TTC vehicles got 14 red light camera tickets in the past year, and 129 speeding tickets. City vehicles were issued 167 speeding tickets and nine red light tickets.
Police were issued 244 speeding tickets and 19 red light tickets. Firefighters were issued 61 tickets and 15 red light tickets.
Paramedics were issued 62 speeding tickets and 23 red light tickets.
That all adds up to 743 tickets in the past year — a rate of about two per day.
The volume is much higher than anticipated, Carroll said, but no one expected that drivers in Toronto in general would trigger upwards of 200,000 pictures taken by the cameras in a year.
“Every part of the process is automated. Not just the speed camera, but generating the tickets,” she said.
City employees receive the red light tickets and have to show that they were speeding as part of an emergency response to avoid paying fines that can be as high as $325.
“We receive red light and ASE [automated speed enforcement] tickets the same as any other person or entity in the city. We have developed a process in line with City policy that allows for any ASE tickets to be quashed if they are generated in response to an emergency incident, with sufficient documentation,” wrote Debbie Higgins, Deputy Fire Chief.

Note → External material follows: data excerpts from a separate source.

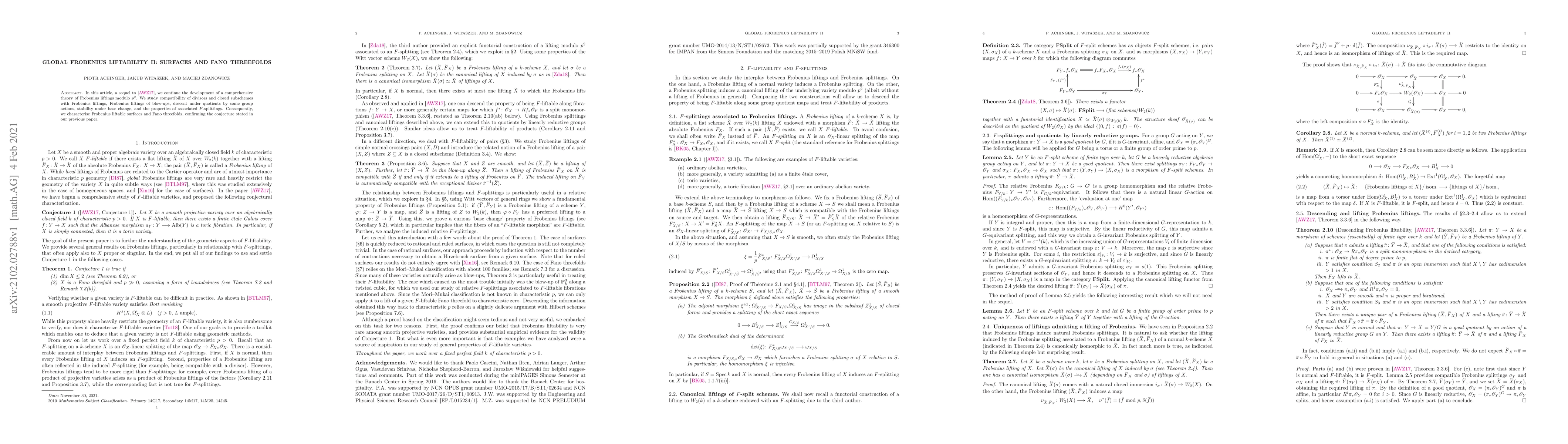Researchers studied Frobenius liftings on surfaces and Fano threefolds, characterizing which ones can be lifted and confirming a conjecture about their compatibility with certain divisor properties.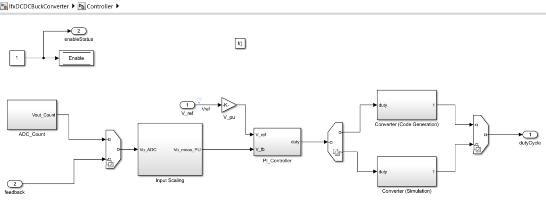 The ADC Interrupt task contains the feedback control algorithm that executes in response to each ADC conversion event and generates duty cycle values for the PWM block. In simulation mode, this behavior is emulated by function call generator subsystem.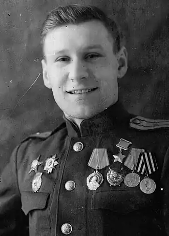- Медаль «Золотая Звезда» Героя Советского Союза (29.06.1945)[2][3].

Breaking traffic rules can be deadly, and the same holds for city vehicles. One woman died when a TTC bus ran a red light back in 2013. A firefighter was charged with careless driving after a fire truck hit an 11-year-old girl last year.
Ontario’s Highway Traffic Act requires emergency vehicles come to a complete stop at a red light— so officers will pay any related tickets, officials said. The pictures are reviewed by a Provincial Offense Officer before the charge is laid, officials said.
Much of the time, the professional drivers have to worry about other drivers running reds or speeding, and the statistics bear that out. The 743 tickets make up less than half a per cent of the 196,363 speed tickets and the 67,119 red light tickets issued since July 1, 2020.
The automated speed cameras were installed as part of a push to lower the number of people dying on Toronto’s roads. But more effort is required than just ticketing people, said Amanda O’Rourke of 8 80 Cities, a non-profit that focuses on mobility and public spaces.
“We know speed kills,” she said, but added that drivers tend to pick a speed based not necessarily on the speed limit, but often on design features of roads meant to move vehicles at speed.
“We need to re-engineer our streets to prioritize vulnerable road users rather than prioritizing moving cars quickly,” she said.
That means bigger curbs, narrower lanes, pinch points, and other changes that drivers have been shown to react to more — but that costs money, she said.